Index TermsEffective navigation, PubMed database, ontologies, navigation cost

INTRODUCTION

The amount of data provided over World Wide Web (WWW) is increasing rapidly every year. In the past decade in started growing drastically. Especially biomedical data and the literature pertaining to it thatreviews the aspects of biomedical data across the globe have seen tremendous growth in terms of quantity. Biological data sources such as [1], [2], and [3]are growing in terms of lakhs of new citations every year. The queries made by people associated with healthcare domain have to search such databases by providing a search keyword. The results are very huge in number and the users are not able to view all the records

when they actually need a subset of them. This has led to users to refine query with other keywords and get the desired results after many trials. Here it has to be observed that user time is wasted in refining search criteria and also the navigation of query results which are abundant and bulky. The navigation cost is more as user has to spend lot of time in finding the required subset of rows from the bulk of search results. This problem has been researched in [1], [2], [3] and the problem is identified as information overload. Figure 1 shows static navigation of MeSh hierarchy of biomedical data.

Fig. 1: Static structure of MeSh hierarchy of biomedical data[7]

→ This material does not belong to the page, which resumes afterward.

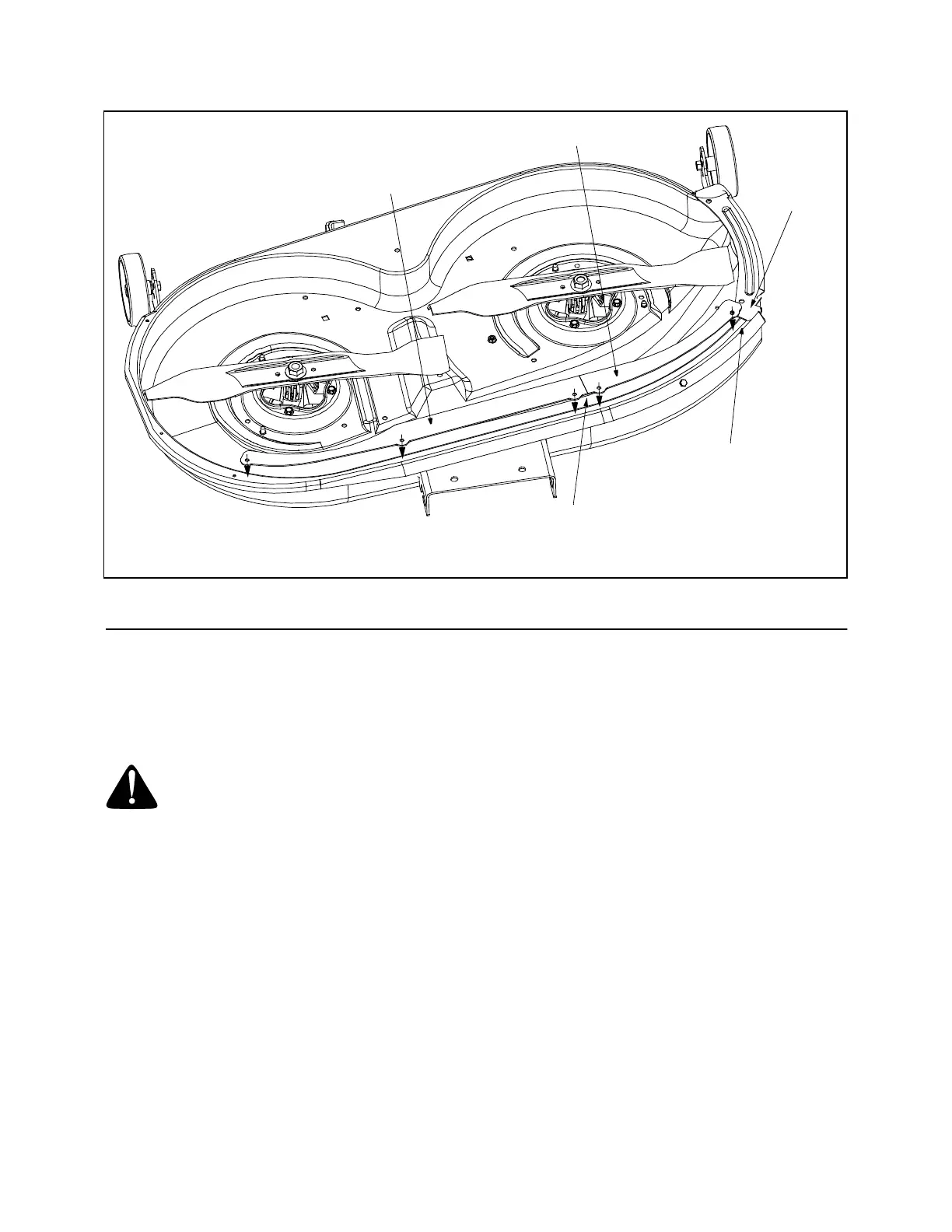 Line up the deck skirts evenly along the edge of the cutting deck’s front lip.

The solutions are of two types namely categorization and ranking. However, these two can be combined to have more desired results. The proposed system is specially meant for presenting results in such a way that the navigation cost is reduced. For this purpose categorization techniques is used and concept hierarchies are built. The categorization techniques are supported by simple ranking techniques. The proposed solution uses citations as described in [4] and effectively constructs a navigation tree that can reduce cost of navigation and users experience is much better when compared with existing systems that do not use these techniques. These techniques are being used

by e-Commerce systems to let their users have smooth navigation to the results returned by such systems.

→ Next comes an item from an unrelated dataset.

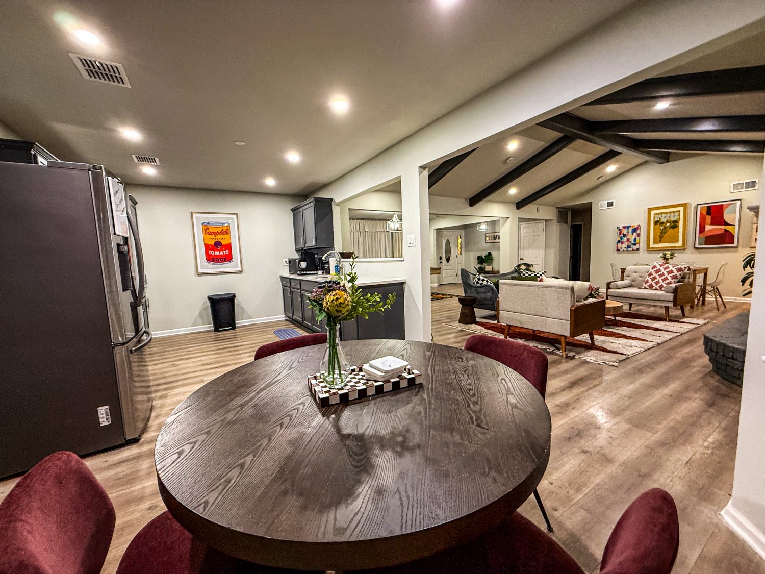 • Open living room with smart TV and sectional

The proposed system uses a cost model that lets it estimate the cost of navigation and make decisions in providing concept hierarchies. The cost of navigation is directly proportionate to the navigation subtree instead of the whole results in the tree. Earlier work on dynamic categorization of query results are in [2], [3], [5] and [6]. They made use of query dependent clusters based on the unsupervised technique. However, they neglect the process of navigation of clusters. In this aspect the proposed system is distinct and provides dynamic navigation on a pre-defined concept hierarchy. Another telling difference between existing systems and the proposed one is that the proposed system uses navigation cost model that minimizes navigation cost no matter what the bulky of search results is. Overall, our contributions are development of a framework for effective navigation of query results; a formal model for cost estimation; algorithm to optimize the results navigation cost; experimental evidence on the effectiveness.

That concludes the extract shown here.